From: Tim Berners-Lee <timbl@w3.org>
Date: Tue, 31 Jul 2007 13:46:57 -0400
To: Garret Wilson <garret@globalmentor.com>
Cc: Semantic Web <semantic-web@w3.org>
Message-Id: <64C173BF-202B-401D-B85B-EBE441FACD50@w3.org>
On 2007-07 -26, at 19:53, Garret Wilson wrote:
>
> [..]

> Although I've used RDF since the early days, I seem to have skipped  
> a lot of the advancements made in serialization as my focus was  
> distracted over the past few years.

A shame :)

> Sure, it appears that the difference between RDFON and N3 are  
> negligible from a technical point of view, so I don't want to argue  
> that one is better or worse than the other. I would like to point  
> out a few merits of RDFON to think about.

The cost, though, of diverting the efforts of programmers like  
yourself away from supporting the common formats if high.  I'm not  
saying that one should never fork off a new format, or there would  
not have been an N3.  But now the need has been met and we need a  
common language not only for code but for people on IRC and in  
tutorials and in presentations. One can pretty much expect technical  
sem web folks to grok a slide in N3 nowadays

>
>    * RDF is built upon an assumption of propositional logic and
>      category theory that many programmers aren't used to. Sure, it's
>      the same philosophy underneath (going back to Wittgenstein,
>      Russel, Frege, and even Aristotle), but many programmers think in
>      different terms. N3 thinks, "I'm making an assertion regarding a
>      particular subject, predicate, and object, so I therefore list  
> the
>      three parts of the proposition being asserted." 95% (I would
>      guess) of today's programmers would think, "I'm assigning a value
>      to the property of an object."

No, I think the model for this information is data, not program.
And in fact the JSON code is not program, is it JS object.
  JSONs { x: "3", y: 5}   i snot assignment but a data structure.
N3 very much matches this. It omits the ":", yes, which actually  
saves a lot of time.
It also has the comma which is very naturally english-like and also  
saves a lot of code.


> So while N3 has "eg:childCount 2;",
>      a procedural programmer sees something wrong here---he or she  
> will
>      breath a sigh of release when he/she sees that extra delimiter
>      character separating the property from its value:
>      "eg.childCount:2". This is a teeny, tiny issue, but I think the
>      difference in mindset between "setting object properties" versus
>      "asserting propositions" is a significant one, even though they
>      both mean the same thing.

Well, I'd like you to make a point of using N3 for a month and see  
whether
you still feel that way.

By the way, in the original language, there were those delimiters,  
but they were
optional and people never used them. You could write  Alice  -- child  
-> Bob
and Alice has child Bob, but now we say Alice child bob.

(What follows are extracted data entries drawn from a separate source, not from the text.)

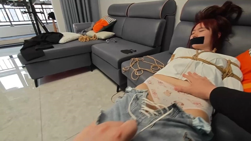 小眠是一个上班族。突然有一天,歹徒踩好了点 确定只有一个女孩居住,小眠出去上班,到了晚上下班了,债主偷偷得潜伏在暗处,一直尾随到小眠回家,开门得一瞬间债主动手了,用手捂住小眠得嘴,并关上了门,抓着小眠,给他推到了沙发上 并捆了起来1(日式后手+蛇缚)。歹徒询问小眠家里有什么值钱得东西,小眠不肯说,于是 准备惩罚小眠,把小眠用胶带(嘴巴长度就行)堵嘴了,接下来把小眠放置在了一边,于是歹徒管自己去搜钱财,文文小眠趁此在脱束准备逃跑报警,可歹徒什么都没有搜到,于是想到了小眠得手机里面有钱,歹徒回大厅准备询问手机的支付密码,可正好直接贴脸了,逃脱得小眠逮个正着,歹徒怒了,把小眠重新捆绑1了起来,并蒙上了他得眼睛,并脱他们裤子,询问了一会手机密码,见小眠不肯说 歹徒让小眠带开口器,然后压着小眠去了大厅绑成了走绳的姿势,来回走绳。后面逼供无果 歹徒觉得不过瘾,把小眠得内裤掀开塞入了一个最大档得TD(此时还在问小眠爽不,再不说就让你们更爽)此时,小眠的口水疯狂得再留。刺激了一会,见小眠还是不肯说,先把小眠得开口器拿了下来,然后把小眠得[X_X]拿了出来并把小眠放了下来,把腿松绑了(手还是绑着得),“爽不,不说好办,那就接着玩”于是压着小眠去了房间,用站立铁架束缚住,流口水。
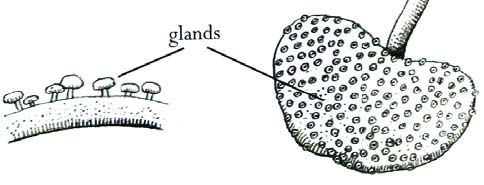 KONVERGENZEN: Klebfalle (flypaper trap/adhesive leaves displaying (a) stalked capital glands producing (b) sticky substances (c) on the upper leaf surfaces, (d) luring, (e) capturing, (f) digesting prey (nematodes and other soil organisms), (g) showing phosphatase activity (h) on the surface of the glandular trichomes, (i) absorbing the prey’s nutrients (j) metabolizing the animal proteins into Philcoxia species specific proteins). 4
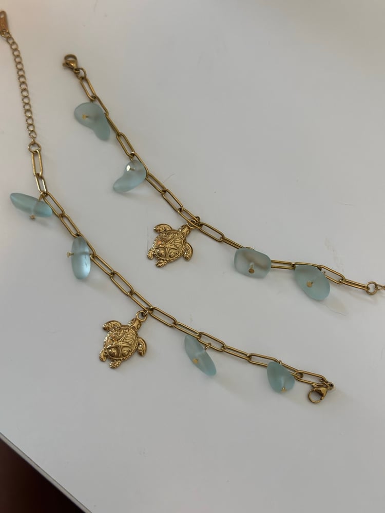 The Aquamarine Necklace is a dreamy necklace handcrafted with soft aqua glass beads and a golden turtle charm. It’s your ocean treasure—made to wander with you, wherever the waves may call.
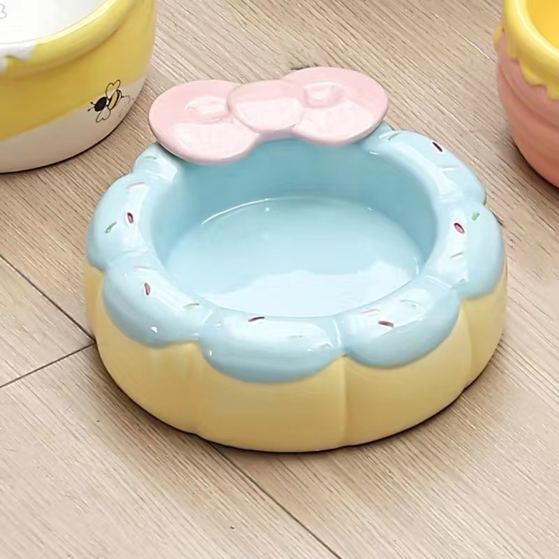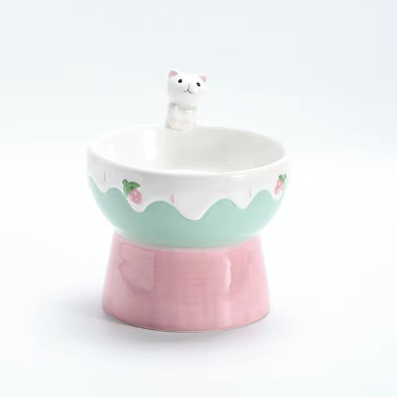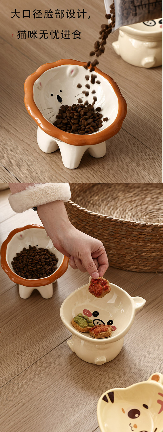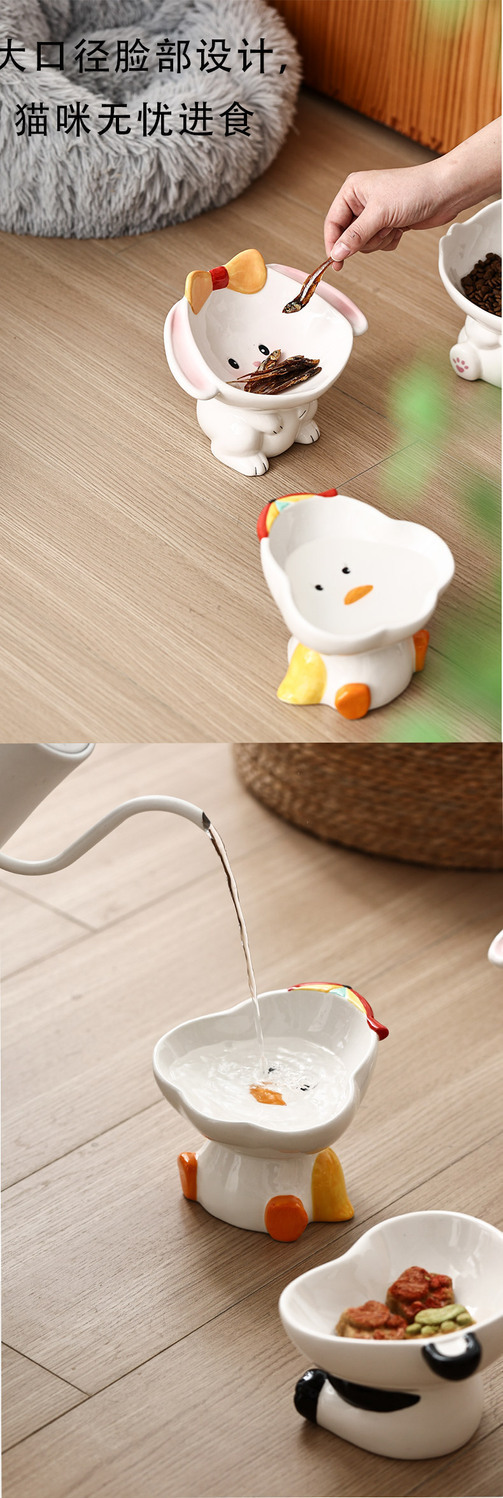 고양이 그릇을 뒤집어 놓은 고양이 귀여운 밥 그릇 개 식수 방지 세라믹 목 보호대 하이 풋 시리즈 만화 동물 식사 그릇

>    * Along the same lines, when a common programmer looks at
>      "<urn:uuid:ca00db92-0f7f-434b-b254-8a6afcf57907> a
>      <http://xmlns.com/foaf/0.1/Person>" he/she won't know what the
>      heck is going on. When he/she looks at
>      "foaf.Person(<urn:uuid:ca00db92-0f7f-434b- 
> b254-8a6afcf57907>)", on
>      the other hand, he/she will think, "Ah, an instance of the class
>      foaf.Person is being instantiated, and is being initialized with
>      the URI <urn:uuid:ca00db92-0f7f-434b-b254-8a6afcf57907>, which
>      must be its ID." Of course, that's not *exactly* what's going on,
>      but at its core it's saying the same thing---and we've made it
>      easier for the common programmer to grasp what's going on.
>      (Frankly, there are a lot more common programmers out there than
>      there are propositional logicians.)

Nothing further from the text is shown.